There are managers and workers in California who mistreat people at their workplace, but technically are not committing sexual harassment or discrimination. Even when abusive words or actions do not fit into these well-known legal categories, they can be extremely painful and create a toxic work environment for victims.
To try to fill in this gap, as of Jan. 1 California law requires larger employer to train their employees on the “prevention of abusive conduct” as part of their anti-sexual harassment training. The new law specifically refers to “abusive conduct” as conduct “with malice” that could reasonably be interpreted as “hostile, offensive and unrelated to an employer’s legitimate business interests.”

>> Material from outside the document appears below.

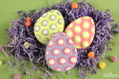 The Easter Bunny visited the Soap Queen blog early this year, and he brought these adorable melt & pour massage eggs with him! This is beginner-level melt & pour project is great for kids, and it features two eggscellent springtime fragrances — Eden’s Garden and Sweet Pea.

The law gives examples like “derogatory remarks, insults and epithets” and “verbal or physical conduct” that is “threatening, intimidating, or humiliating.” Another example is sabotaging another person’s work performance.
None of this behavior necessarily would involve sexual harassment or discrimination on the basis of, say, gender, race or country of origin. But it still has no place in any California workplace. Now employers in the state are required to teach their management and staff not to act this way.
One limitation in the new law is that it does not create a private right of action for victims. This means that, unless the abuse is based on a protected category (race, gender, age, etc.), the victim cannot sue. However, failure on the employer’s part to provide training about this behavior could potentially become a course of action, depending on judicial interpretation of the new law.